In the last few months, Alibaba and its logistics subsidiary, Cainiao, have been especially active in the freight forwarding world. This shouldn’t be a surprise: we’ve noted before how e-commerce companies see logistics as the last barrier to complete retail dominance. Alibaba knows it needs to conquer logistics to grow its retail business.
Alibaba’s moves aren’t attention-worthy because they’re innovative, but rather because they point to an emerging global strategy: other e-commerce giants have either made or are in the process of making similar moves. That’s not a criticism of Alibaba. Instead, it seems like a playbook is emerging for e-commerce companies looking to “figure out” logistics.
Here are three major moves Alibaba has made in logistics this year, and where you’ve seen a similar strategy before:
Alibaba announces a $720 million investment in Huitongda Network. The logistics company will help Alibaba expand its delivery capabilities to rural China, where a significant population of Chinese consumers lives.
Where We’ve Seen It Before
For e-commerce companies, last-mile dominance is now a critical goal. We’ve seen big investments in last-mile delivery from the likes of Amazon, Best Buy, and Target before. E-commerce companies have an obvious incentive to reach all their customers, but rural delivery is arguably the most challenging last-mile lane to fulfill. A long drive with fewer deliveries affects route density, making many rural routes costly. For Amazon, programs like Shipping with Amazon can help achieve greater route density by opening up logistics services to a larger number of sellers. Meanwhile, brick-and-mortar stores with growing e-commerce arms use their physical locations as distribution centers to offset delivery costs.
Read More: Infographic: Retailers Who Are Winning at Logistics
Alibaba’s strategy is slightly different: Huitongda, an e-commerce subsidiary of Jiangsu Five Star Appliances Company, is already a well-established service network in rural areas. To avoid having to build that kind of system from scratch, Alibaba is investing heavily in the development of last-mile delivery for a significant rural consumer population. While not the exact means as Amazon and others, the end is the same: Alibaba wants to win China’s last-mile.
Alibaba invests $1.38 billion in ZTO Express and lands itself a variety of logistics assets, including ZTO’s own recently-acquired freight-forwarding business, China Oriental Express.
Where We’ve Seen It Before
Much as other e-commerce retailers such as Amazon, Rakuten, and Wayfair have acquired freight forwarding and NVOCC capabilities to realize efficiencies in their imports from China, Alibaba is now equally well-suited to make its mark on international logistics. We’ve said it before: no product can move anywhere in the world without the assistance of a freight forwarder. E-commerce companies realize this but aren’t willing to be passive about it.

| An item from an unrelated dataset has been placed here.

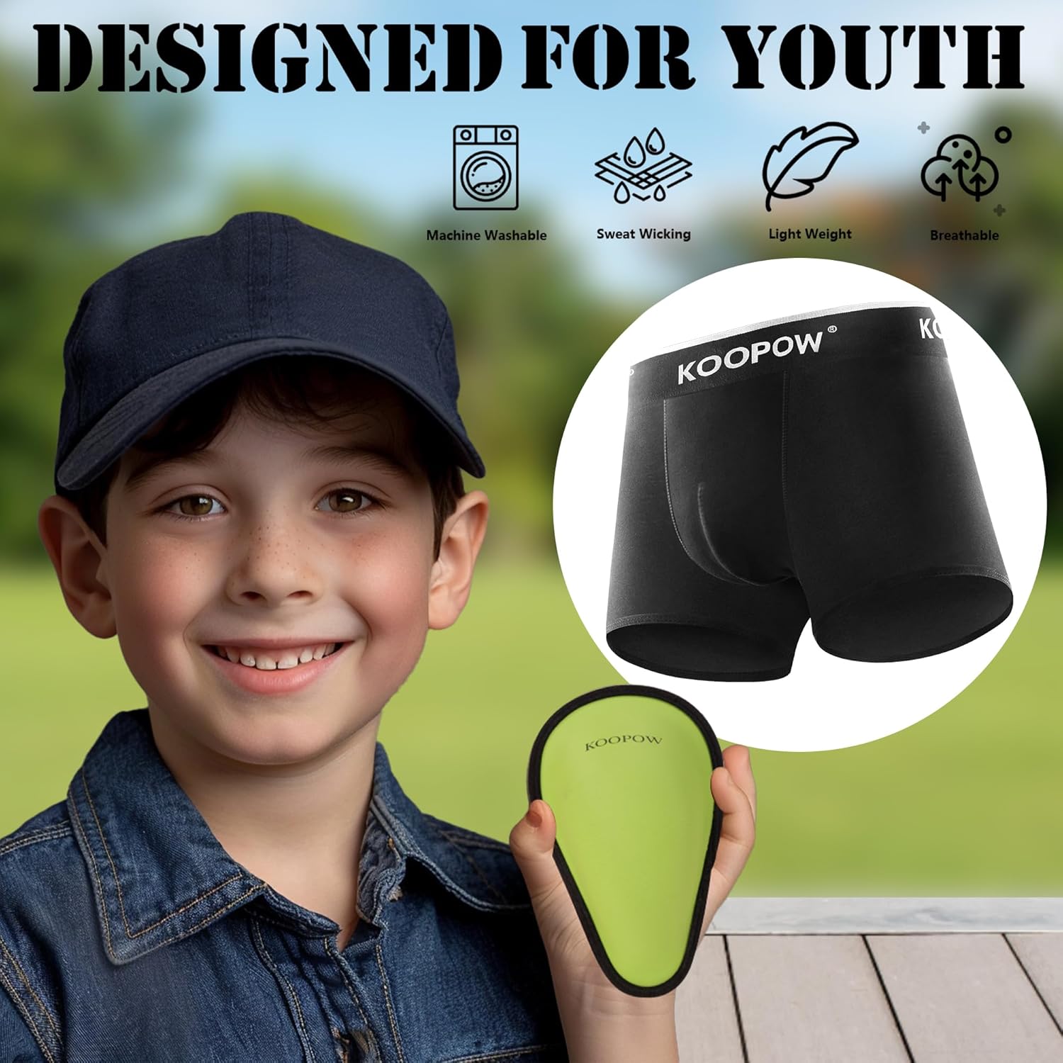 KOOPOW Youth Boys Compression Shorts with Soft Protective Athletic Cup, Boxer Briefs Underwear for Baseball, Football
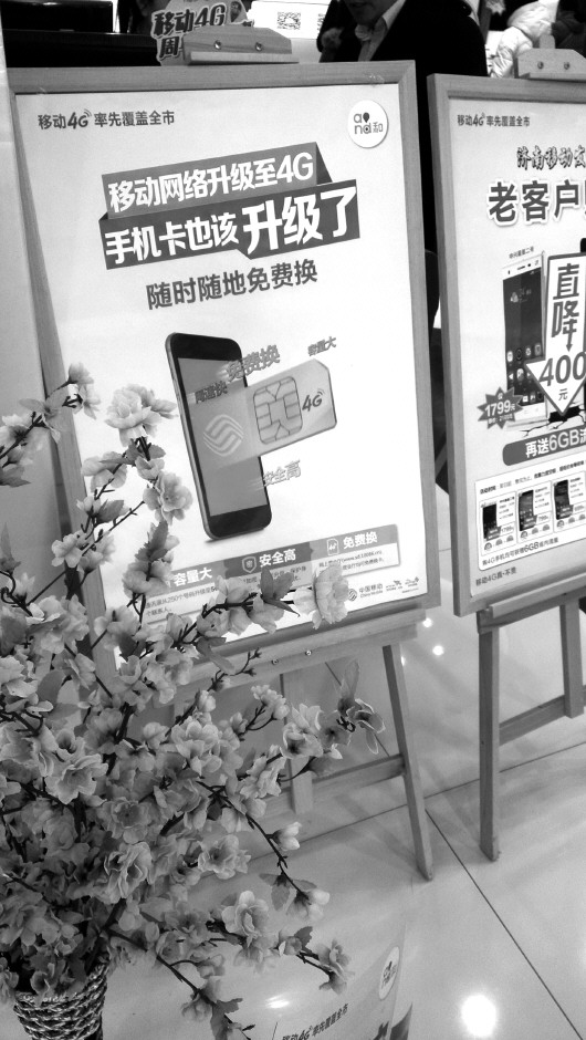 ▲移动营业厅随处可见各种升级4G宣传。 本报记者 马绍栋 摄

Investing in or acquiring companies with established logistics capabilities is a popular move for retail giants: think Target buying Shipt, or Walmart's acquisition of Parcel. While these aren’t traditional freight forwarders, their ready-to-roll delivery infrastructures help e-commerce companies hit the ground running post-acquisition. Alibaba is on a tight schedule and facing fierce competition. Putting money down on a complete freight-management company is an efficient bet.
At the Global Smart Logistics Summit hosted by Cainiao, Jack Ma announced a US $15 billion investment to help develop a global smart-logistics network. Ma indicated the network would be based on technological advancements including smart warehouses equipped with real-time package tracking and robots, and potentially automated delivery vehicles.
Where We’ve Seen It Before
Ma is talking about a single, unified state-of-the-art logistics network. It’s similar to what Maersk and IBM have promised to build, and what e-commerce companies have been desperate to find or develop over the last few years: a shared ecosystem that gathers data and gives secure transparency at every step of the delivery process. This is a significant investment by Alibaba in a supply chain solution.
In the same announcement, Ma emphasized that the network wouldn’t be a Cainiao/Alibaba exclusive: it’s meant to be a centralized standard environment for all logistics partners. A one-stop, single-platform solution from an e-commerce company would require the transaction and delivery parts of a sale to occur in the same ecosystem. Programs like Amazon Seller Flex and Shipping with Amazon are ready to meet that requirement. Merchants and businesses can use Amazon’s consumer platform to make a sale, then ship their sold goods with Amazon’s logistics services.
Read More: Is Amazon Finally Set to Conquer Freight?
Like Amazon, Alibaba is betting that the future of its retail business depends on its mastery of logistics. Also like Amazon, Alibaba’s plan involves dominating the last mile and investing heavily in technologies that could revolutionize all parts of the supply chain. It remains to be seen if retail’s logistics strategy is the winning formula. But when multiple players converge on the same strategy, it’s often an indicator that they’re headed in the right direction.